## Assigned task
Make an exact copy of all the data, pictures excluded.

## Data section
Segment Open
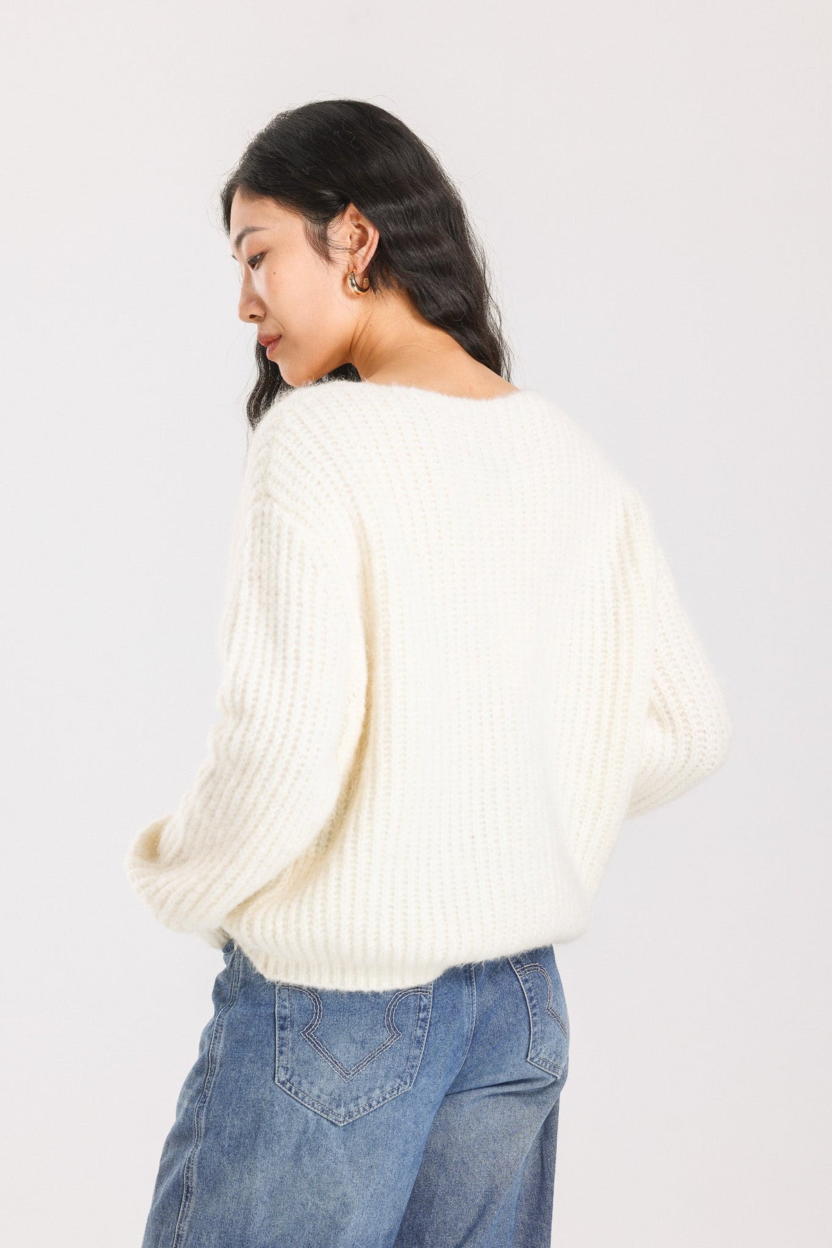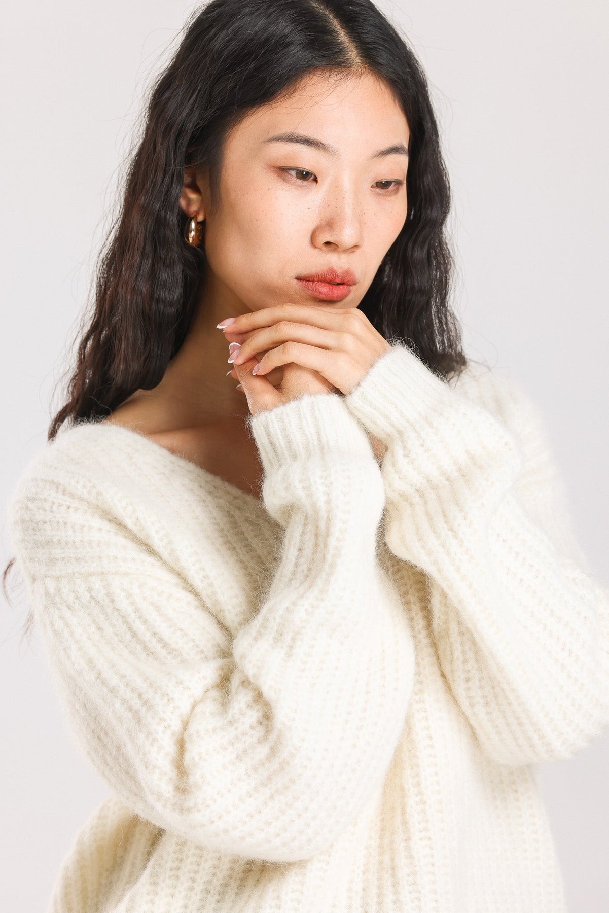 This cream jumper features a relaxed fit with a V-neckline, bringing a timeless elegance to your wardrobe.
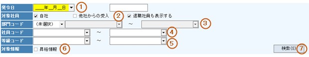①[ヘッダ]を入力し、登録する社員及び昇格情報を検索します。
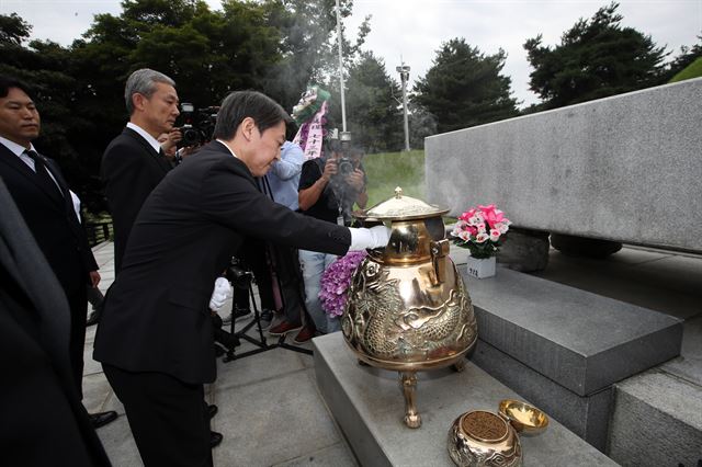 안 대표는 지난해 2월 천정배 전 대표와 공동대표 체제로 현충원을 참배했을 당시에는 현충탑만 참배했다. 또 2014년 3월 새정치민주연합 창당 때도 대전현충원만 방문했다. 두 사례 모두 호남과 야권 지지층이 이승만ㆍ박정희 전 대통령 묘소 참배에 대한 강하게 반발했던 상황을 고려한 행보였다. 논란이 될 때는 보수 성향 대통령 참배는 피하고, 단독 혹은 자신이 주도해 방문할 때만 이들 대통령 묘역까지 찾은 셈이다.
Segment Closed
## Expected output
 This cream jumper features a relaxed fit with a V-neckline, bringing a timeless elegance to your wardrobe.
①[ヘッダ]を入力し、登録する社員及び昇格情報を検索します。
 안 대표는 지난해 2월 천정배 전 대표와 공동대표 체제로 현충원을 참배했을 당시에는 현충탑만 참배했다. 또 2014년 3월 새정치민주연합 창당 때도 대전현충원만 방문했다. 두 사례 모두 호남과 야권 지지층이 이승만ㆍ박정희 전 대통령 묘소 참배에 대한 강하게 반발했던 상황을 고려한 행보였다. 논란이 될 때는 보수 성향 대통령 참배는 피하고, 단독 혹은 자신이 주도해 방문할 때만 이들 대통령 묘역까지 찾은 셈이다.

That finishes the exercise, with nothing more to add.